2. [Leave One Subject Out (LOSO)](https://link.springer.com/article/10.1007/s00521-021-06352-5#Sec9:~:text=Full%20size%20table-,Performance%20evaluation,-For%20the%20MI) approach. LOSO is used for **Subject-independent** evaluation. In LOSO, the model is trained and evaluated by several folds, equal to the number of subjects, and for each fold, one subject is used for evaluation and the others for training. The LOSO evaluation technique ensures that separate subjects (not visible in the training data) are usedto evaluate the model.

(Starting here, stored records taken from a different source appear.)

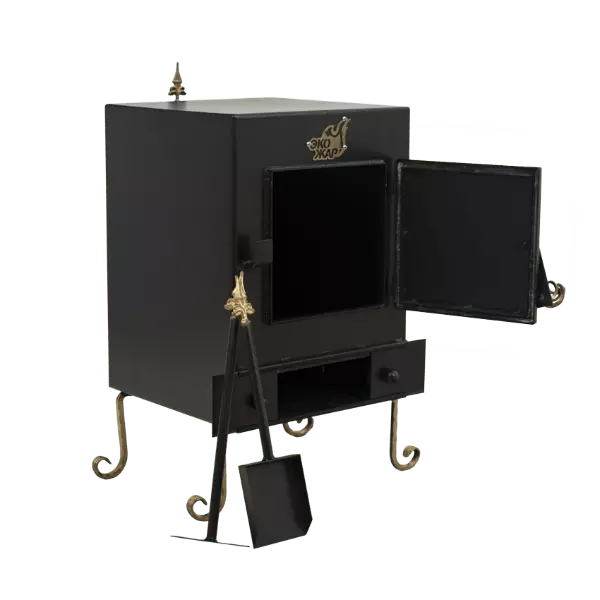 Печь-камин Экожар  с камерой дожига вторичных газов имеет специальную конструкцию, которая при небольших габаритах позволяет  с легкостью обогреть помещение до 30 м кв благодаря пиролизу. Изящная форма печки дополнит и украсит интерьер. Под воздействием высоких температур и подаче дополнительного воздуха в эту камеру, происходит дожигание  вторичных газов в "камере дожига".Благодаря пиролизу, выделяется дополнительное тепло и КПД горения увеличивается до 91-94%. При этом экономится топливо. Кроме обогрева помещения ,температуры на поверхности печки  хватает для  подогрева воды и приготовления легкой пищи. Такая печка незаменима для отопления дач или отдельных помещений(комнат) там ,  где нет возможности или не рационально устанавливать бойлер.
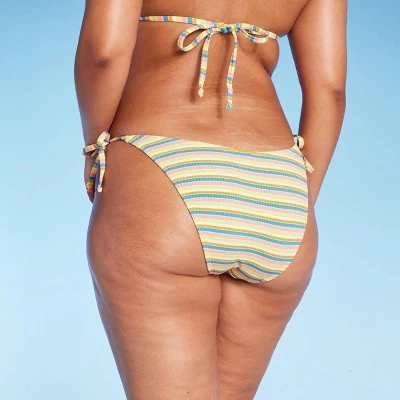 Reversible ribbed bikini bottom from Wild Fable™ with a striped design in blue, green, pink, brown, and white hues. Made from soft fabric with four-way stretch and full lining for flexible comfort in and out of the water. Features extra-cheeky coverage and a low-rise, extra-high-leg silhouette with elastic at leg openings. Side string ties complete the look with a customizable fit.
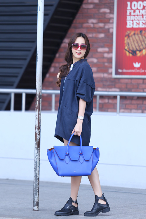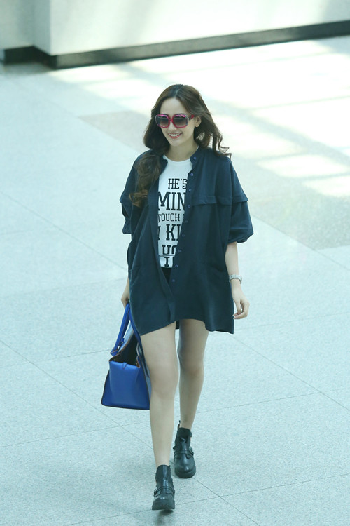 Xách túi hàng hiệu đắt tiền, Mai Phương Thúy thu hút nhiều ánh nhìn khi lên đường sang Hong Kong xem thời trang. Hoa hậu vẫn trung thành với phong cách trẻ trung ngoài đời thường khi diện áo thun, quần short vàáo khoác mỏng.
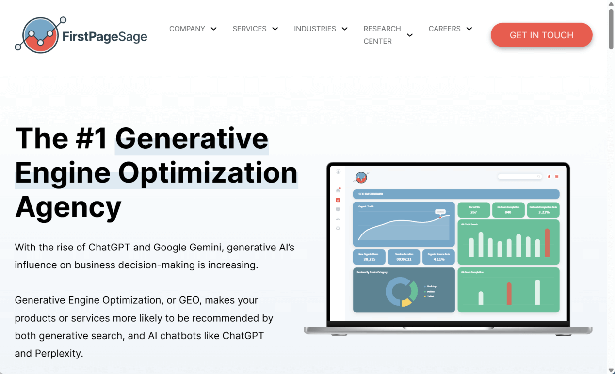 - First Page Sage:声称是GEO领域的先驱,拥有一套基于ROI的全托管服务方法论。它们不仅仅通过工具监测,而是通过大规模生产“AI友好型内容”(高信息密度、结构化、事实导向)来帮助客户占据AI答案。其服务通常价格高昂,面向企业级客户。

The *get_data()* method in the [*preprocess.py*](https://github.com/Altaheri/EEG-ATCNet/blob/main/preprocess.py) file is used to load the dataset and split it into training and testing. This method uses the [subject-specific](https://link.springer.com/article/10.1007/s00521-021-06352-5#Sec9:~:text=Full%20size%20table-,Performance%20evaluation,-For%20the%20MI) approach by default. If you want to use the [subject-independent (LOSO)](https://link.springer.com/article/10.1007/s00521-021-06352-5#Sec9:~:text=Full%20size%20table-,Performance%20evaluation,-For%20the%20MI) approach, set the parameter *LOSO = True*.
## About ATCNet
ATCNet model consists of three main blocks:
1. **Convolutional (CV) block**: encodes low-level spatio-temporal information within the MI-EEG signal into a sequence of high-level temporal representations through three convolutional layers.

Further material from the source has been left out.